1. Please install Anaconda Distribution for Python (if you don't have it installed already)
2. Create a new conda environment with `conda create --name rag_env python==3.10`
3. Activate your conda environment with `conda activate rag_env`
4. (Optional) If you do not wish to run Jupyter notebooks in VSCode, please install Jupyter Lab and/or Jupyter Notebook with `pip install jupyterlab notebook`
5. (Optional) Learn more about how to start the Jupyter server [here](https://jupyter.org/install)
6. (Optional) VSCode users, select `rag_env` as your kernel


**Caution:** LangChain depends on `onnxruntime` package which currently does not support Python>3.10

#### Installing packages

We'll focus on building our RAG application via [LangChain's](https://python.langchain.com/docs/introduction/) packages

In [None]:
%pip install --upgrade langchain langchain-community langchain-chroma python-dotenv

# It is recommended to install your packages from the terminal rather than inside this notebook
# To install from terminal, simply do
# pip install --upgrade langchain langchain-community langchain-chroma python-dotenv

#### 1. Indexing: Loading our documents

- We need to first load the blog post contents. We can use `DocumentLoaders` for this, which are objects that load in data from a source and return a list of Documents. A Document is an object with some `page_content (str)` and `metadata (dict)`.

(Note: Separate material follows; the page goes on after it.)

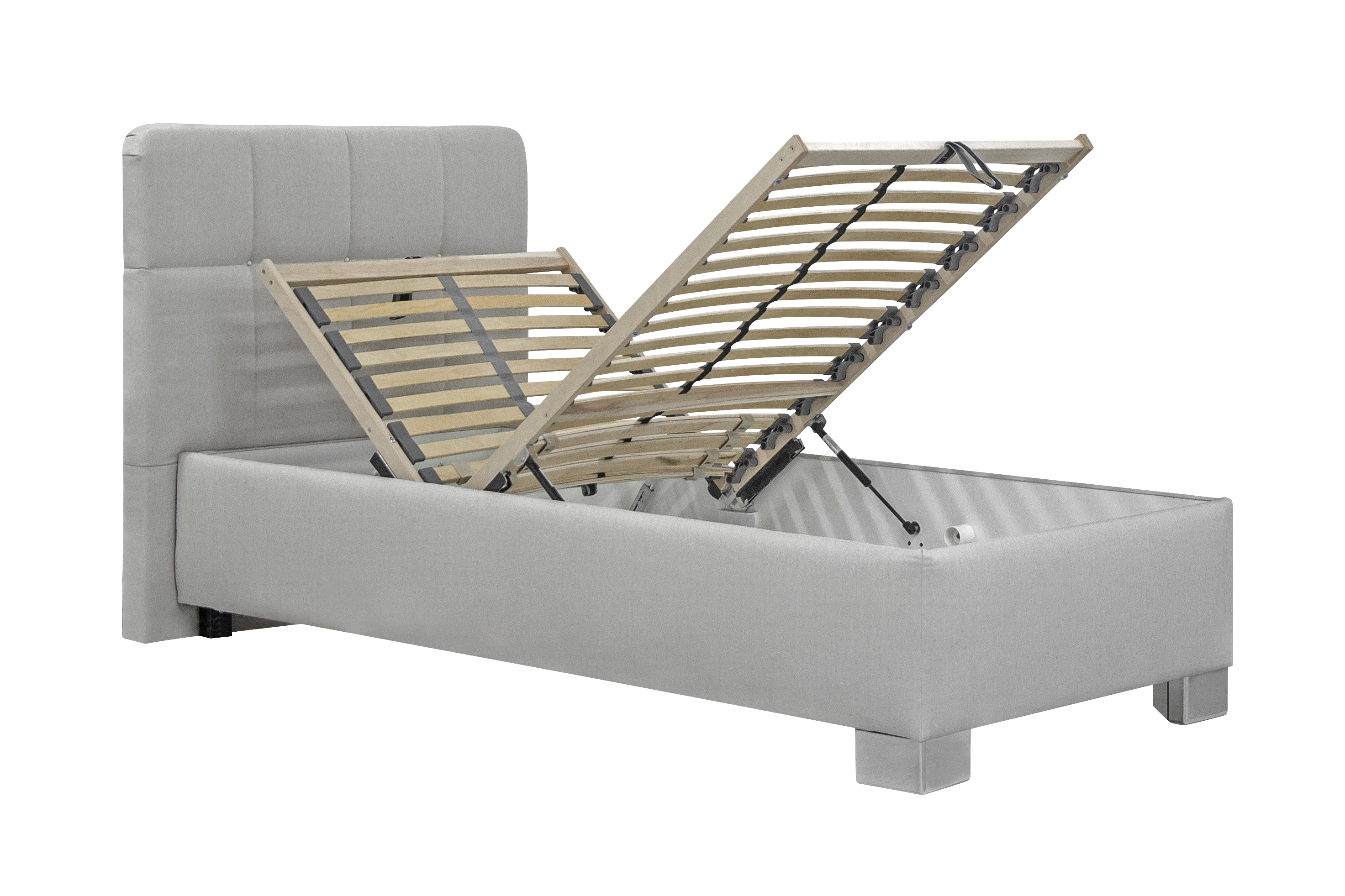 Úložný prostor lůžka se otevírá za pomoci plynových pístů od nohou postele. Výška nožičky je 10 cm.
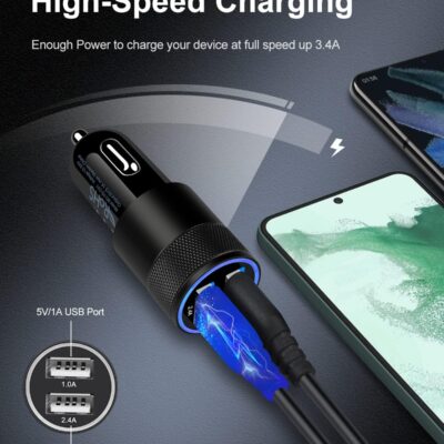 Car Charger, [2Pack/3.4a] Fast Charge Dual Port USB Cargador Carro Lighter Adapter for iPhone 15 14 13 12 11 Pro Max X XR XS 17 Plus 16, iPad, Samsung Galaxy S23 S22 S21 S25 Plus S7 j7 S10e S9 Note 8

- In this case we’ll use the `WebBaseLoader`, which uses `urllib` to load HTML from web URLs and `BeautifulSoup` to parse it to text. We can customize the HTML to text parsing by passing in parameters to the `BeautifulSoup` parser via `bs_kwargs` [*(see BeautifulSoup docs)*](https://beautiful-soup-4.readthedocs.io/en/latest/#beautifulsoup). 
- In this case only HTML tags with class `"post-content"`, `"post-title"`, or `"post-header"` are relevant, so we’ll remove the rest.

In [9]:
# Load the env variables from the .env file

from dotenv import load_dotenv
load_dotenv()

True

In [12]:
import bs4
from langchain_community.document_loaders import WebBaseLoader

# Since we are only interested in the post-title, post-header, and post-content, 
# tell BeautifulSoup to retain items that belong to the class post-title, post-header, post-content
# and discard the rest.
bs4_strainer = bs4.SoupStrainer(class_=("post-title", "post-header", "post-content"))

# Load our document (which is a blog on the internet) and pass the response to BeautifulSoup
loader = WebBaseLoader(
    web_paths = ("https://lilianweng.github.io/posts/2023-06-23-agent/", ),
    bs_kwargs = {"parse_only": bs4_strainer}
)

document = loader.load()

# If the loading was a success, the length of the document will be non-zero
print("Number of characters in the document: ", len(document[0].page_content))

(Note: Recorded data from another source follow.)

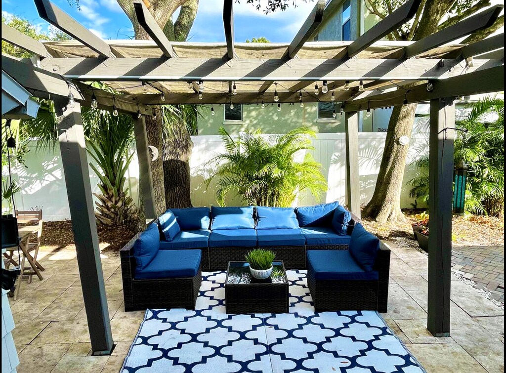 Furnished or unfurnished home available. Pets welcome! A must-see in person. Close to bay and beaches. With a perfect location less than 1/2 mile to the main walking path of Bayshore Boulevard, under 10 minutes to downtown, and on a direct line to the beaches of the Gulf, welcome home to this charming and spacious 3-bedroom, 2-bathroom property in the most desirable neighborhood in the city: South Tampa just steps from Bayshore Beautiful. On an oversized corner lot, this house features original hardwood flooring, an updated kitchen, a spacious living room, and an abundance of natural light. The ample en suite bedroom adjoins a separate living area, which could serve as an office, family room, or home gym. The two secondary bedrooms are nicely appointed and share a Jack and Jill bathroom with large and updated walk-in shower. Outside, the large fully-fenced in back garden is both charming and perfect for entertaining under the lit pergola!
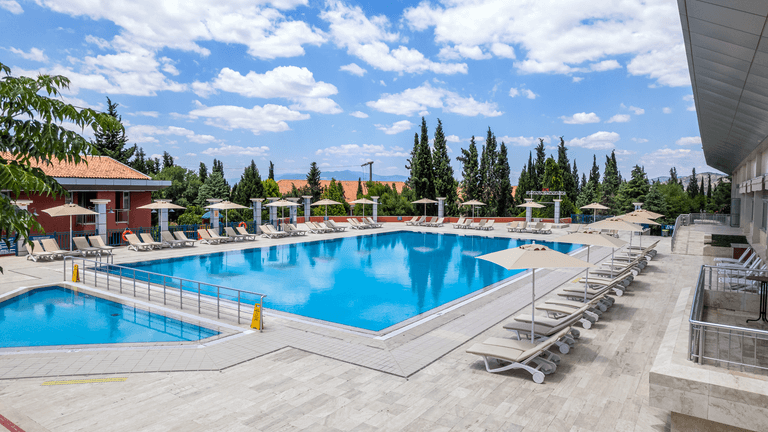 Modern , konforlu ve rahat şezlonglarla çevrelenmiş açık ve kapalı Thermal yüzme huvuzlarında konforlu wellness hizmetiyle sizleri ağılıyoruz.
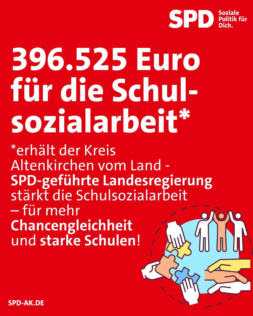 Gute Nachrichten für unsere Schulen im Kreis Altenkirchen: Das Land Rheinland-Pfalz unterstützt die Schulsozialarbeit im Landkreis Altenkirchen mit 396.525 Euro! Damit werden wichtige Projekte gefördert, die unseren Schülerinnen und Schülern direkt zugutekommen.
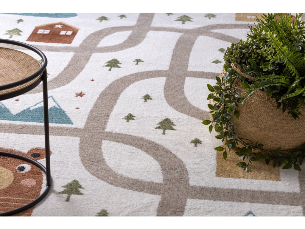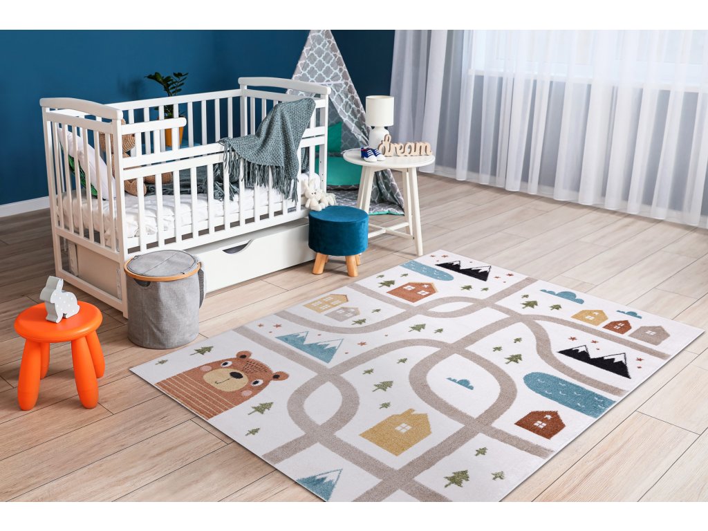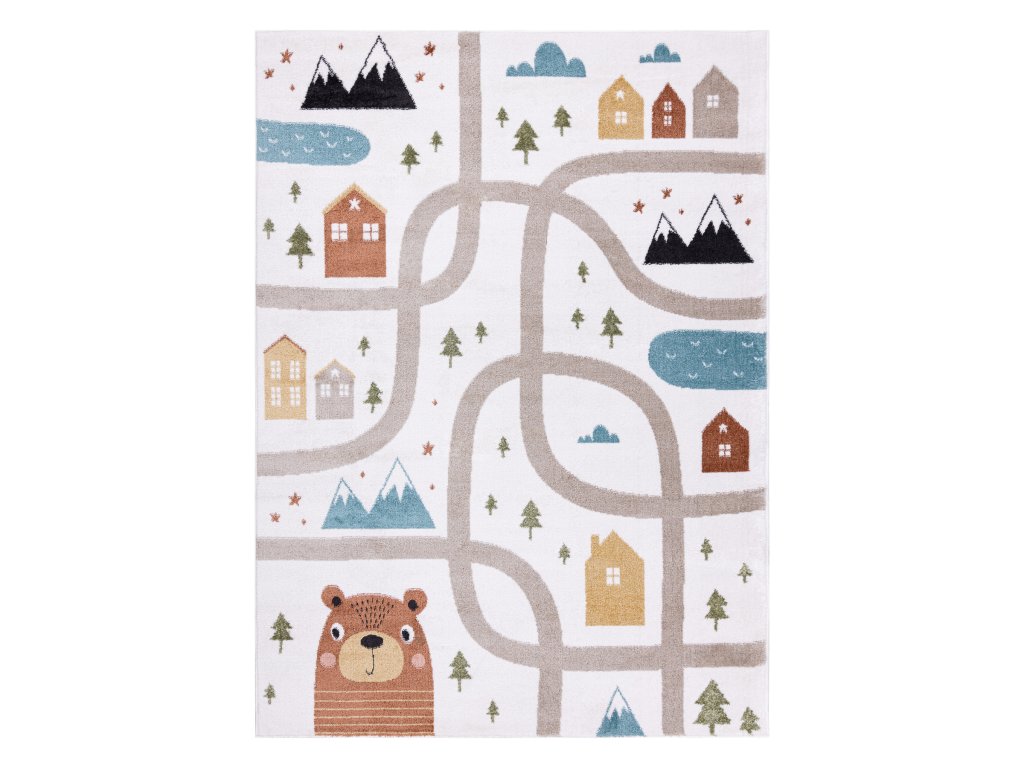Skvělý dětský koberec FUNNY - medvídek a uličky - krémový
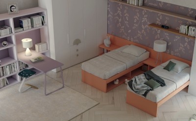 Disponibili in versione singola o doppia, i LETTI A TERRA sono una soluzione versatile e tradizionale per camerette di media grandezza. Possono essere scelti liberamente o abbinati ad armadi, scrivanie e altri arredi, offrendo ampie possibilità di personalizzazione in stili, materiali e colori.
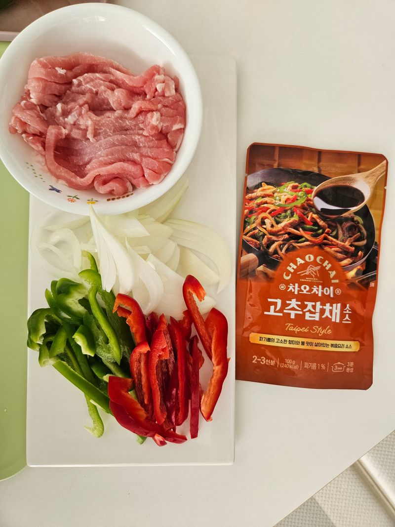 차오차이 고추잡채소스를 활용해서 고추잡채를 요리해봤다.

Number of characters in the document:  43131


- Now that we have scraped the blog, let's take a look at what does the content looks like, because remember, the content was originally meant to be rendered on browsers, and we are parsing the content using a script

In [13]:
print(document[0].page_content[:1000])



      LLM Powered Autonomous Agents
    
Date: June 23, 2023  |  Estimated Reading Time: 31 min  |  Author: Lilian Weng


Building agents with LLM (large language model) as its core controller is a cool concept. Several proof-of-concepts demos, such as AutoGPT, GPT-Engineer and BabyAGI, serve as inspiring examples. The potentiality of LLM extends beyond generating well-written copies, stories, essays and programs; it can be framed as a powerful general problem solver.
Agent System Overview#
In a LLM-powered autonomous agent system, LLM functions as the agent’s brain, complemented by several key components:

Planning

Subgoal and decomposition: The agent breaks down large tasks into smaller, manageable subgoals, enabling efficient handling of complex tasks.
Reflection and refinement: The agent can do self-criticism and self-reflection over past actions, learn from mistakes and refine them for future steps, thereby improving the quality of final results.


Memory

Short-term memory: I 

#### 2. Indexing: Splitting into chunks

- Now that our document is available locally, and we know that our document is 43k characters long, the document is too long to fit in the context window of many LLMs. Even for those models that could fit the full post in their context window, models can struggle to find information in very long inputs.

- To handle this issue, we will split our `Document` into smaller chunks which we will later use for embeddings and vector store. This will help us retrieve only the most relevant bits of the blog post at runtime.

- For our `Document`, we will split it into chunks of `1000` characters with `200` characters of overlap between chunks. The overlap will help us mitigate the possibility of separating a statement from the important context related to it. 

- We'll use the `RecursiveCharacterTextSplitter` from LangChain which will recursively split the document using common separators like new lines until each chunk is of appropriate size. For generic text use cases, this is the recommended text splitter.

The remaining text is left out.